To which component of the US GDP expenditure does each of the following belong to? (C, I, G, NX, or none of the four) (a) gambling services provided to tourists by Las Vegas casinos b) a new tractor purchased by a farmer (c) the purchase of a used couch on Craigslist (d) a machine made in the US and sold to Japan. e) the purchase of a lottery ticket. (f) a new car made in the US but not yet...
Explain the effect of an increase in government spending on the on the equilibrium output and...
Explain the effect of an increase in government spending on the on the equilibrium output and inflation in the AD-AS model. Carefully distinguish between the short-run and the long-run equilibrium. Would this increase in government spending affect the potential output? Why/Why not? (Need a brief answer of around 300-400 words)
Explain the effect of an increase in government spending on the on the equilibrium output and...
Explain the effect of an increase in government spending on the on the equilibrium output and inflation in the AD-AS model. Carefully distinguish between the short-run and the long-run equilibrium. Would this increase in government spending affect the potential output? Why/Why not? (Brief answer with diagram)
If the expenditure multiplier is 2.5 and the government spending increases by $4 billion, what would...
If the expenditure multiplier is 2.5 and the government spending increases by $4 billion, what would be the increase in the real GDP? Select one: a. $8 billion b. $6.5 billion c. $1.6 billion d. $10 billion Say’s Law states that supply creates its own demand. In the neoclassical zone on the graph above, supply is at its potential GDP, at full capacity. When aggregate supplies have reached their full potential output, what happens if demand shifts to the right?...
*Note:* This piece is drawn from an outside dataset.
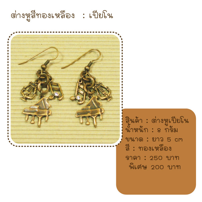 ต่างหู เปียโน สีทองเหลือง

1. The component of spending that is responsible for most of the GDP decline during recessions...
1. The component of spending that is responsible for most of the GDP decline during recessions tends to be consumption investment government purchases net exports 2. Social security payments fall under which category or categories of government expenditures (CHECK ALL ANSWERS THAT ARE CORRECT!) discretionary non-defense spending mandatory spending transfer payments discretionary defense spending Between 2000 and 2018, what happened to the U.S. trade balance in services? the deficit increased began with a deficit and ended with a surplus the...
Explain how an initial change in spending results in an increase in GDP that exceeds this...
Explain how an initial change in spending results in an increase in GDP that exceeds this change. Indicate the formula for both the expenditure multiplier and the tax reduction multiplier and explain why they are different. Explain how crowding out influences the expenditure multiplier. Explain how the multiplier concept is used in the banking system. Please answer these questions in 3 to 5 paragraphs.